The war had started with a French lightning assault into Germany in September 1688. A French army quickly seized Mannheim, Frankenthal, Oppenheim, Worms, Bingen-on-Rhine, Kaiserslautern, Spires and Mainz, taking effective control of the whole of the Rhineland. However, Louis’ hopes to secure a quick victory were dashed when the Hapsburg Emperor, Leopold, kept his obligations and went to war with France, despite still being mired in a war against the Ottoman Empire. Under the 1st Magdeburg Agreement, Brandenburg, Saxony, Hanover and Hesse-Cassel united their forces under the nominal authority of the Emperor to defend northern Germany from French advances. At the same time, the Emperor redeployed Bavarian, Swabian and Franconian troops from the eastern front to defend southern Germany from the French forces. The Germans had organized far more quickly - and with far more unity of purpose - than the French had expected, or, indeed, had thought possible in even the best of circumstances, much less in the midst of a two-front war.

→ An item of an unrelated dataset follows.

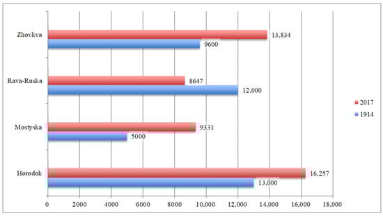 The current total population of the cities under study (Horodok, Zhovkva, Mostyska, and Rava-Ruska) does not differ significantly from that before the Second World War, and ranges from 5000 (Mostyska, year 1914) to 16,000 (Horodok, year 2017) (Figure 2). On the other hand, the national structure of these cities, which has undergone radical changes, is different.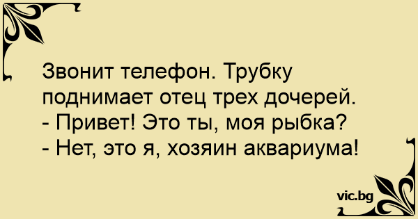 Ѕвони телефонот. На телефон се јавува таткото на три ќерки. - Здраво! - Ти ли си рипче мое? - Не, овде е сопственикот на аквариумот!

France initiated a scorched earth policy when the Germans forced them to pull back from the Rhine in early 1689, denying the Rhineland’s resources to the Germans, but this did not prevent an incursion into French territory in late 1689 by German armies under Charles V, Duke of Lorraine. These maneuvers had distracted Louis from paying any significant attention to the British front, where William had quickly gained the upper hand.

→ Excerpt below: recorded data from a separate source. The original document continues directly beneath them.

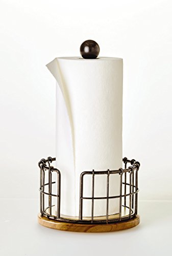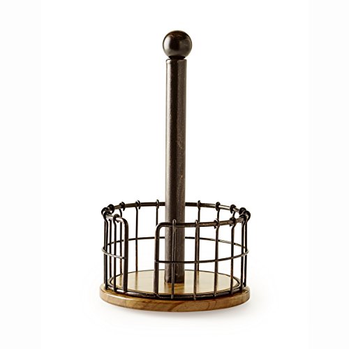 Pfaltzgraff Antique Anvil Cage Wire And Acacia Wood Paper Towel Holder, Black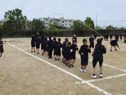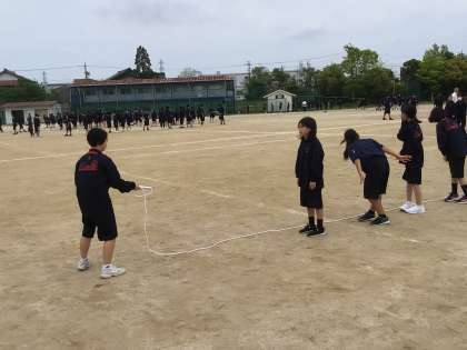 4月26日(金)の6、7時間目に体育祭練習を行いました。入退場の練習では素早い行動や綺麗な整列をしようとする姿が見られました。長縄の練習では各クラスがより多くの回数を飛ぶためにはどうすればよいか考えながら、練習を行いました。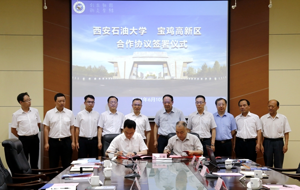 會議期間,李峰科書記代表寶雞高新區管委會,我校副校長陳軍斌代表學校,雙方簽訂了《寶雞高新區、西安石油大學校地合作框架協議》。寶雞巨成鈦業股份有限公司、寶雞市賽孚石油機械有限公司、寶雞宏信石油機械有限公司分別與我校機械工程學院、材料科學與工程學院簽訂了產學研合作及技術服務協議。雙方將在科學研究、成果轉化、人才培養等方面開展深入合作。協議簽署后,雙方相關部門負責人就科學研究、成果轉化、人才培養等方面進行了深入交流。

When William had invaded England just as the war was starting, Louis had been relieved. Louis saw William’s invasion as an unnecessary distraction for the United Provinces, expecting that a protracted succession war in England would permanently take the Dutch out of the continental war and, ultimately, bring James II firmly into the war on France’s side. Louis was blindsided, however, by the sudden, total collapse of James’ government, and his flight to France, with England’s political situation stabilizing in weeks instead of years. In an attempt to galvanize Jacobites in England, a token French force under the command of the former king was sent to Ireland, which only worsened the situation. It was considered a foreign provocation in London, and the English Parliament approved William & Mary’s declaration of war on France in May 1689. Though France initially retained control of the English Channel, the English fleet forced them to fight there, preventing them from restricting access to Ireland, allowing William’s deployment there in 1690. Louis sent what resources he could into Ireland, mostly moneys, and forced the Two Kings’ War into being a major rebellion against the new monarchs, one which occupied all of England’s attentions for years. The absence of the English and William’s Dutch forces on the continent was keenly felt by their allies on the continent.

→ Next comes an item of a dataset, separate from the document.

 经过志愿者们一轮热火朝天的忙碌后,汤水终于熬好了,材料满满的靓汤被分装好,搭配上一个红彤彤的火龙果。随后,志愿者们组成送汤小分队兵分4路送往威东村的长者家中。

Ultimately, the League of Augsburg coalesced as an alliance between England, Scotland, the United Provinces, the Hapsburg Empires and the various German states. There were three major fronts - the Netherlands, the Rhineland and Italy - as well as several other areas of contention, including conflicts in the Americas, Catalonia, and, of course, Ireland. Despite the League’s initial success in the Rhineland, in 1690, the French launched attacks into the Netherlands and Italy, with reasonable success. In the Spanish Netherlands, the Duke of Luxembourg (the greatest French general of this period) won the Battle of Fleurus , but was forced to pull back and redeploy to the Rhineland for political reasons; some have proposed that, had he pressed at the United Provinces at this time, William may have abandoned Ireland to defend his steadhold. At the same time, a French campaign in Italy had led to an incredible victory against a superior force at the Battle of Staffarda, though, again, the French failed to capitalize on their gains, falling back across the Alps for the winter. At the same time, an invasion of Catalonia was countered, with a French army forced back across the border into Roussillon. At the same time, war in the east turned sour. The Hapsburgs was forced to pull troops from the west to fight the Ottomans after severe losses in their eastern campaigns in Transylvania and Serbia. Russia and Poland-Lithuania began to put pressure on the Austrians to treat with the French in the west and fully commit to the war with Turkey, though Leopold held to the course of both wars.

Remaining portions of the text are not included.